Supporters say the bill is needed to help alleviate issues with those who accidentally shoot or trap a gray fox when they were aiming for a red fox, which is legal under Delaware law.

“What’s happening now is people don’t want to get in trouble by it, so what they’re doing is they’re basically shoot, shovel and shutting up. You know, they’re not telling us and if we could get some numbers then we would know, said  Rep. Dave Wilson (R-Bridgeville), who sponsored the bill.

Wilson says these regulations would also allow DNREC to take an accurate count of the animal within Delaware’s borders.

One of the bill’s staunchest opponents, Rep. John Kowalko (D-Newark South), offered up two amendments during the House debate that would’ve nixed an open season on the animal and the fur trade clause.

Both of those failed.

Kowalko and others say the bill shouldn’t allow for hunting or pelt trade provisions if the goal is ultimately to take care of nuisance animals.

“When you want to deliberately construct a human attack on something in nature, then have a better reason than just to say, ‘Oh, we need this because we need it, or we need it to take a count, or we need it because an industry needs it to make more profit,” said Kowalko.

The bill now waits for a Senate committee hearing. Two amendments similar to Kowalko’s are attached to the bill.

That’s where Sedacca is hoping the bill dies.

“Our goal is to have the bill stop in the senate," said Sedacca.  If it somehow passes the senate, our next deal will be to go to Dover and let the governor know that if he’s going to sign the bill, he’s going to have to deal with us.”

Markell says he will sign the bill as it currently stands.

Credit James Dawson/Delaware Public Media
McVey Elementary students are using art and song to help convey their opposition to a gray fox hunting bill.

McVey student Ben Garrett says that seems odd.

“I think he’s just insulting himself.
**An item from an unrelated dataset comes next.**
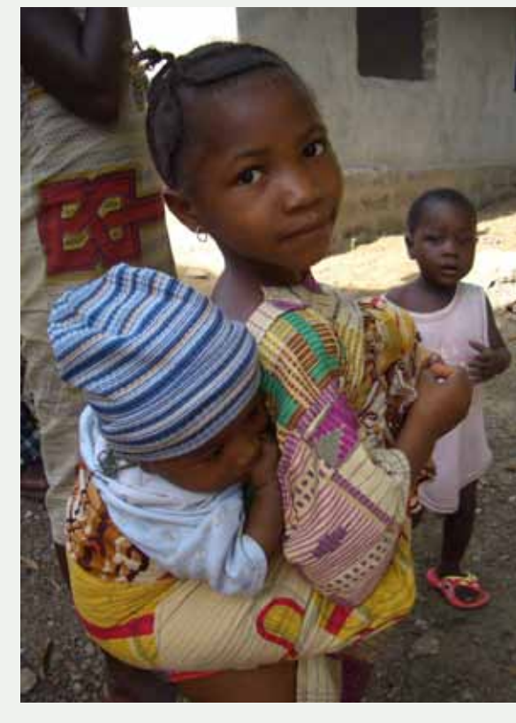
Girls, like this one in Sierra Leone, are often responsible for caring for younger siblings, which means they cannot attend school.

But there are hopeful examples of programming that is focusing on the health needs of girls and adolescents. For example, the Straight Talk Foundation's Gulu Youth Centre in northern Uganda reaches out to young people through youth clubs and peer educators. The center offers recreation such as volleyball and basketball; entertainment with music and dancing; health education through radio; and free sexual and reproductive health services, including family planning and testing and treatment for sexually transmitted infections. The center's success shows the importance of youth-friendly services in the effort to increase young people's use of health services, the need to work with community members to enhance understanding for young people's unique issues and the value of addressing the particular needs of displaced young people.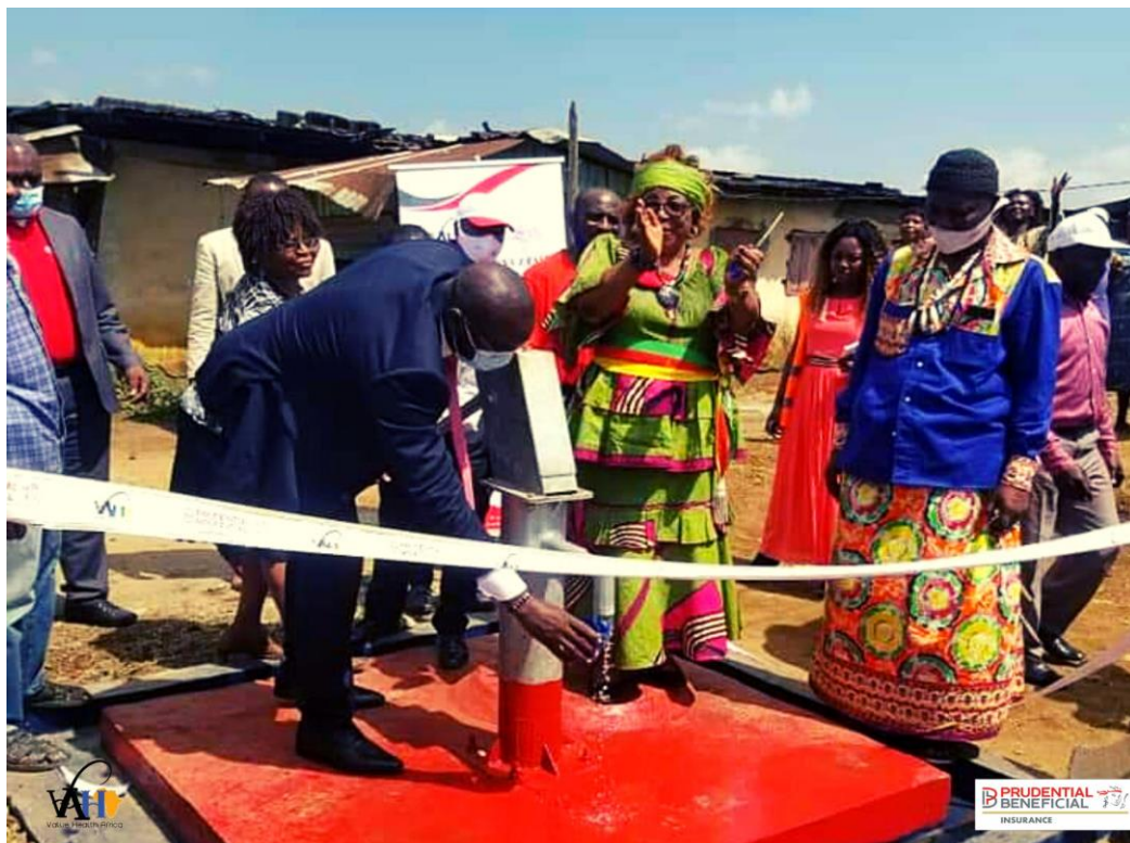
Inauguration of Enhence well Nkongsamba- Littoral

Why would you do that? You signed the bill to make the gray fox the state [wildlife] animal [and] now you’re signing this bill to hunt the gray fox? I just don’t get it.," said Garrett.

But the students are open to some compromise.  The bill also allows poultry farmers to kill the animal without a permit if it’s directly attacking their chickens.

Kids in the class mostly agreed with that provision, but some, like Cassidy Foskett, suggest there are other choices farmers can make.

“They can run out there and clap their hands and jump around and that’d probably scare it away because it’s a really shy animal,” said Foskett.

Sedacca says this civics lesson has been different from the one he taught five years ago, but just as valuable. Regardless of the outcome, he says he has further plans for his students.

“Let’s protect this animal. Furthermore let’s double down my friends," told his class. "How about this, if they want to build a shopping center and there’s a forest that has a population of gray foxes there should be a study done on the impact to the gray foxes there if they build a shopping center."

A similar bill introduced in 2014 would’ve instituted a similar hunting and trapping framework as House Bill 25, but the Senate amended those aspects out late last year.

That proposal never reached to the House for approval.

Should this bill pass, Sedacca says he’s prepared to bring the children to Dover to protest --- with parental permission.